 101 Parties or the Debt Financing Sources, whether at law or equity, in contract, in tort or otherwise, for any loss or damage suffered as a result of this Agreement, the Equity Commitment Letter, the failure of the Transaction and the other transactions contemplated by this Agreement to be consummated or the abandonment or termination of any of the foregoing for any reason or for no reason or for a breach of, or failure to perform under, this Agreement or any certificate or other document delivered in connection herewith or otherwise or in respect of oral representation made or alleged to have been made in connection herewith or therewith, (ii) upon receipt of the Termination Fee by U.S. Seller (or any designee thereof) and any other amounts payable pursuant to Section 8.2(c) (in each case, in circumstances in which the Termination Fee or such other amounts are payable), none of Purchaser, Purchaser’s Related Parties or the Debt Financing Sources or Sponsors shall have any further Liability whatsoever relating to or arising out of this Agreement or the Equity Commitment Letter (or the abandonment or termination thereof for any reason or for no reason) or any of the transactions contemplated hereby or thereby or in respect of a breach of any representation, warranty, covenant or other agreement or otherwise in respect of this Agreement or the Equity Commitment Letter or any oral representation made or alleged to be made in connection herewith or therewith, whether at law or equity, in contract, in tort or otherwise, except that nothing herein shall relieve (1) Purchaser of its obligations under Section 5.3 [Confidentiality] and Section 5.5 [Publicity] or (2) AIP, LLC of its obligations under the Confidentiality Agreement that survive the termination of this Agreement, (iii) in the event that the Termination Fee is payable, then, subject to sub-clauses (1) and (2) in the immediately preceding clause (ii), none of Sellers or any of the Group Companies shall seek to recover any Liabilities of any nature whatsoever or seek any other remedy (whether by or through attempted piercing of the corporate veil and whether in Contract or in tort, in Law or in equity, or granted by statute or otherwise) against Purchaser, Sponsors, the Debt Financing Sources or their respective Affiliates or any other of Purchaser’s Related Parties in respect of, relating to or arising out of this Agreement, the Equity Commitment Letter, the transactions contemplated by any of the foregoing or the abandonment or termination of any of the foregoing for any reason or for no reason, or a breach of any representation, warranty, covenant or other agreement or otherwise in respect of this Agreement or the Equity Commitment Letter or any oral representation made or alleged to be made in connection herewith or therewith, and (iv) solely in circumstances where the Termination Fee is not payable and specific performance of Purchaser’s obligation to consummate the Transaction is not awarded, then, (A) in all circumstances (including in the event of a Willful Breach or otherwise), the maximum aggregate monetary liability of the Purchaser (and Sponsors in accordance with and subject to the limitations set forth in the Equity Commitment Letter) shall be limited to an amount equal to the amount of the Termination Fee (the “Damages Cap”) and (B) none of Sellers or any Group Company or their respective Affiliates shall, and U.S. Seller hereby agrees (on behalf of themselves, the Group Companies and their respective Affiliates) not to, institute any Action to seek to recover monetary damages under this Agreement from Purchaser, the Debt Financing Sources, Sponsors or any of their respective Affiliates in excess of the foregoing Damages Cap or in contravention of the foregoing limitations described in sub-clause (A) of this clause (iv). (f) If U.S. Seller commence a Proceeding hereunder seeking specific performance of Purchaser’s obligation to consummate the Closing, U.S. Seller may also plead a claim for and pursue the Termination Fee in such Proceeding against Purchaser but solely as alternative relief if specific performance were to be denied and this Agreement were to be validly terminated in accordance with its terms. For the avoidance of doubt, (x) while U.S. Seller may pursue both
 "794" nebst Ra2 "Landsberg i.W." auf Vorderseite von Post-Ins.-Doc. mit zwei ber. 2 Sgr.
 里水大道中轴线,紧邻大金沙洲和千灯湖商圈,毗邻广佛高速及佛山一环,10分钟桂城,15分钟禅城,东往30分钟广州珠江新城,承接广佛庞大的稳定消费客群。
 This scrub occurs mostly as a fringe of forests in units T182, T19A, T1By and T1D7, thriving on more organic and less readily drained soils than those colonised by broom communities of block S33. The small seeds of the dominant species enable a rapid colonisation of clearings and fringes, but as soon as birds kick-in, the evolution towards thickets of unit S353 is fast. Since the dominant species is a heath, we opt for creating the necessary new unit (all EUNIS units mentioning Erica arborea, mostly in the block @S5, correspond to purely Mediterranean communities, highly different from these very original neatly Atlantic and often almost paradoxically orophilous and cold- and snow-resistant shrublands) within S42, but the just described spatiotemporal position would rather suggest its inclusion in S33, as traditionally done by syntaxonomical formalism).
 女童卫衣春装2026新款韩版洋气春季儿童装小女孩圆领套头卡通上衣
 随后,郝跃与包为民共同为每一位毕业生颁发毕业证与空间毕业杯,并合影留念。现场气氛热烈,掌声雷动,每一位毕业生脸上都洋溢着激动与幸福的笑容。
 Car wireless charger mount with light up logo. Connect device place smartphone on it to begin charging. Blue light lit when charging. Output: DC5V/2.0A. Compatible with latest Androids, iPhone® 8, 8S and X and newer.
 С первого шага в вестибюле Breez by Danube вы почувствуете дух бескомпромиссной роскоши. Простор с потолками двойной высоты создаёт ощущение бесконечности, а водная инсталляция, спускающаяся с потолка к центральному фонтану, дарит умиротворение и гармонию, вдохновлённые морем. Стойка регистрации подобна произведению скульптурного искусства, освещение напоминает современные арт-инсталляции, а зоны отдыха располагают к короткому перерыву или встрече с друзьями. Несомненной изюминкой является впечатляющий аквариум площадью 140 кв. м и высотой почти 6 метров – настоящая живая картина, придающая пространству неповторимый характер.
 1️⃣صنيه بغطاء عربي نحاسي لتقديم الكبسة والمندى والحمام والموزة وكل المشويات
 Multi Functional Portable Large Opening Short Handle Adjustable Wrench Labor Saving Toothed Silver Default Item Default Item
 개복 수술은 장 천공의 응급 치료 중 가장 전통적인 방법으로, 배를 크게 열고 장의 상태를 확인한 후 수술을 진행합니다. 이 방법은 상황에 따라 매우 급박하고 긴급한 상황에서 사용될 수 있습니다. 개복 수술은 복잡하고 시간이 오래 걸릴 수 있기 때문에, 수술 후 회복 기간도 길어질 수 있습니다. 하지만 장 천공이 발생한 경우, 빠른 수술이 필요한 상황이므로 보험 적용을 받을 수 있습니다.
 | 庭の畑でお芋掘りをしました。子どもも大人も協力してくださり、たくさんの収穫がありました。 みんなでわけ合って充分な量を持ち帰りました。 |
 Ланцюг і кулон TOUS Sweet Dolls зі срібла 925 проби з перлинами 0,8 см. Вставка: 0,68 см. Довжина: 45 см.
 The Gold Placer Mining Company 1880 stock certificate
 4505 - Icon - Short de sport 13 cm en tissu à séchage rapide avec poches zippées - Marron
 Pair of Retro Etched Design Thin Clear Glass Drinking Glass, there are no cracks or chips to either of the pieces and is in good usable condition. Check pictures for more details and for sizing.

◆ Required work: Could you find every line in the records above that has the string "Short" and copy it?

◆ Answer section:
 Multi Functional Portable Large Opening Short Handle Adjustable Wrench Labor Saving Toothed Silver Default Item Default Item
 4505 - Icon - Short de sport 13 cm en tissu à séchage rapide avec poches zippées - Marron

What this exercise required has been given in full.